Il Territorio Libero di Trieste, per esempio. Quando ci sono dispute di frontiera apparentemente insolubili, come l'attuale fra Kiev e Mosca, la via d'uscita più semplice non sempre è spartire i territori contesi fra i due avversari, ma creare ex novo una terza entità.
Nel maggio 1945, alla fine della Seconda guerra mondiale, la Jugoslavia di Tito s'impossessò di Trieste. Di fronte al fatto compiuto, non era scontato per l'Italia riuscire a recuperare il capoluogo giuliano con mezzi pacifici. Anche perché, dei quattro Alleati vincitori, l'Urss appoggiava il dittatore comunista, la Gran Bretagna lo aveva armato contro di noi, e la Francia di De Gaulle voleva vendicare la 'pugnalata' fascista del 1940.
Fu così che, con un guizzo creativo, la città e la costa nord dell'Istria furono inglobate nel Tlt (Territorio libero di Trieste). Il quale durò fino al 1954. Nel frattempo gli animi si erano calmati, anche perché Tito aveva rotto con Stalin. Cosicché non ebbe problemi ad abbandonare ogni rivendicazione sulla città e il Carso triestino, in cambio di Capodistria, Portorose e Pirano: era minacciato più da est che da ovest.

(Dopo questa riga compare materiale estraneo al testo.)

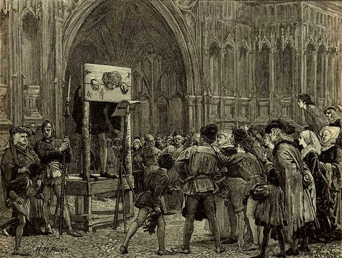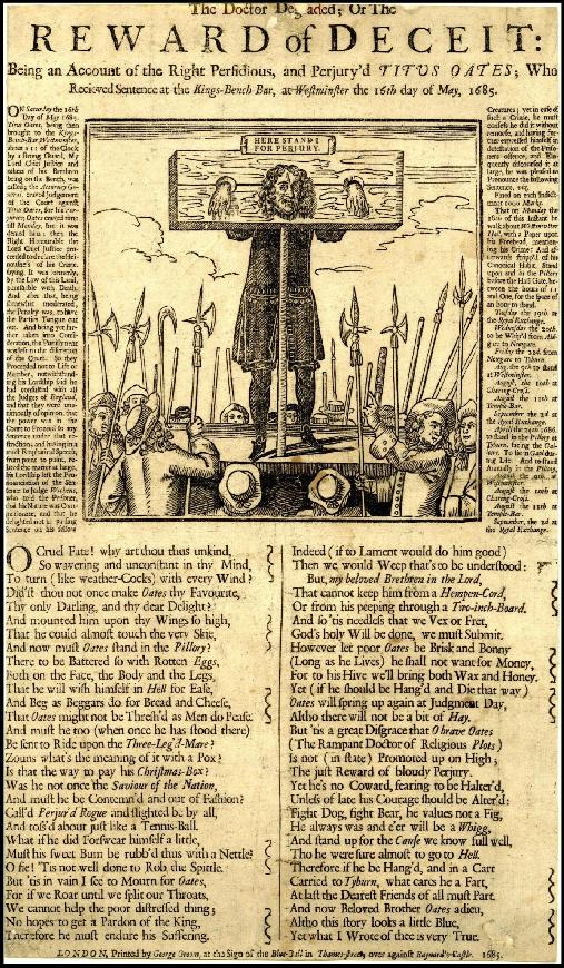 "Found guilty of perjury on two separate indictments, the inventor of the Popish Plot was condemned in 1685 to public exposure [in the pillory] on three consecutive days. The first day's punishment in Palace Yard nearly cost the criminal his life; but his partisans mustered in such force in the city on the succeeding day that they were able to upset the pillory, and nearly succeeded in rescuing their idol from the hands of the authorities.

Il tempo lenisce gli ardori, i furori e i dolori. Oggi appare inaccettabile sia per gli ucraini che per Putin rinunciare a Crimea e Donbass. Ma un'amministrazione provvisoria, magari con mandato Onu, potrebbe svelenire gli animi. Intendiamoci, le 'città libere' non sono state sempre un successo. Quella di Danzica finì come finì, nel 1939. E anche l'altro lascito della Prima guerra mondiale, Fiume, provocò subito la spedizione di D'Annunzio contro la città autonoma fra Italia e Jugoslavia. Ma gli opposti nazionalismi non vanno fatti incancrenire.
È questo l'errore commesso da Onu e Ue in Kosovo. Mai avrei pensato, quando nel 1999 seguii a Pec le nostre truppe con bandiera Nato, che quasi un quarto di secolo dopo le avrei trovate ancora lì. Le missioni di peacekeeping non possono durare in eterno. E infatti ora la situazione è di nuovo esplosiva: serbi e albanesi si confrontano sul fiume Ibar, che taglia in due la città di Mitrovica. A nord sono maggioranza i primi, che però risultano una minoranza di centomila abitanti rispetto al milione di kosovari albanesi a sud.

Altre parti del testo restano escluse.